Wherever a picture appears in the listing, leave it out, and copy the rest exactly.

Input data:
BEGIN
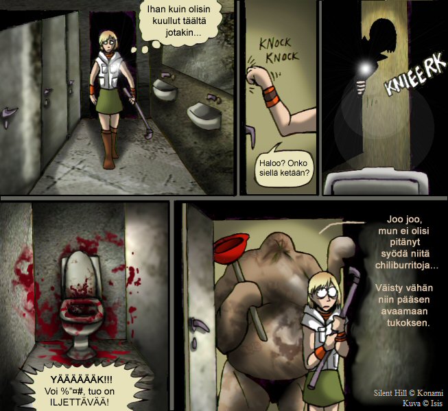Parodiaa Konamin tuottamasta selviytymiskauhu-videopelistä Silent Hill 2. Sarjakuva jäi tähän asti kesken.
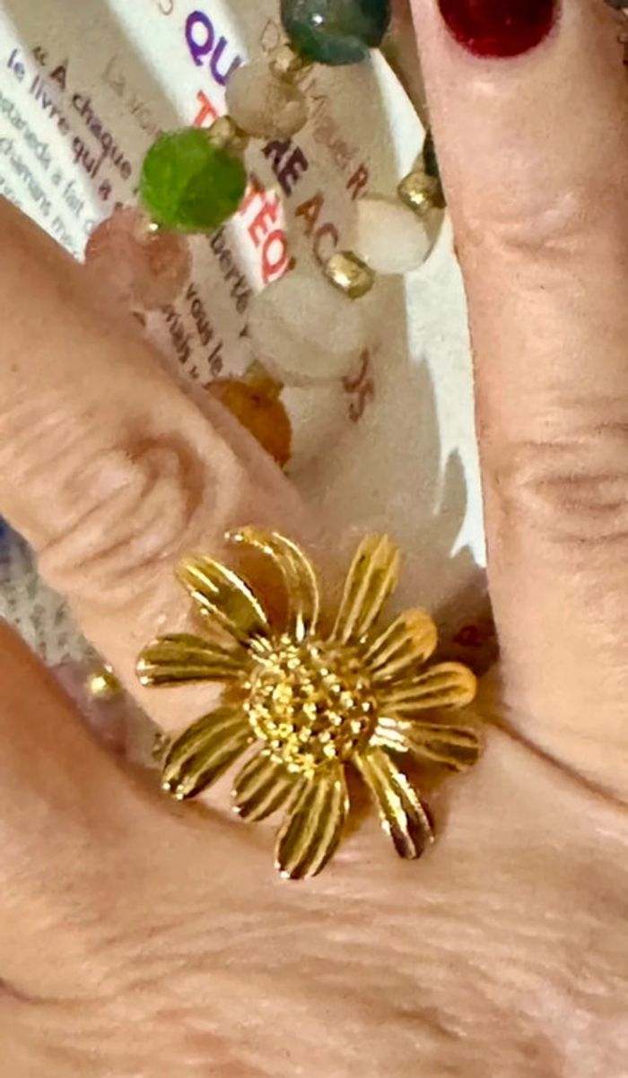 Bague fleur marguerite acier inoxydable or réglable neuve dans pochon
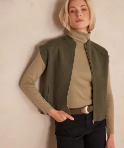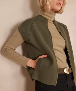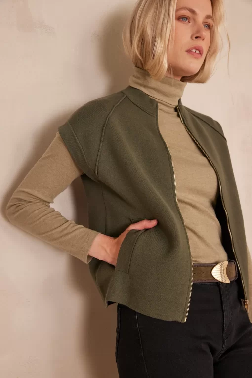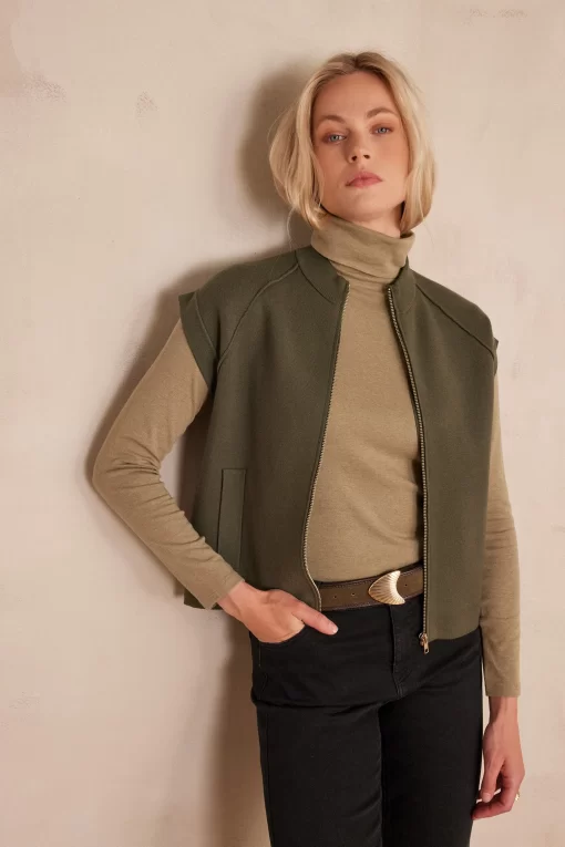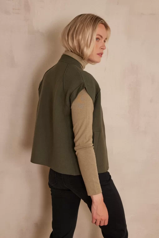 Let yourself be seduced by BATISTA, our sleeveless jacket in a bright khaki shade.
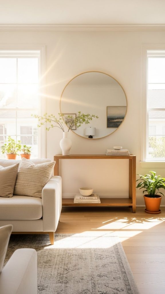- Use tall mirrors behind sofas or consoles for elegance.
END
Answer:
Parodiaa Konamin tuottamasta selviytymiskauhu-videopelistä Silent Hill 2. Sarjakuva jäi tähän asti kesken.
 Bague fleur marguerite acier inoxydable or réglable neuve dans pochon
 Let yourself be seduced by BATISTA, our sleeveless jacket in a bright khaki shade.
- Use tall mirrors behind sofas or consoles for elegance.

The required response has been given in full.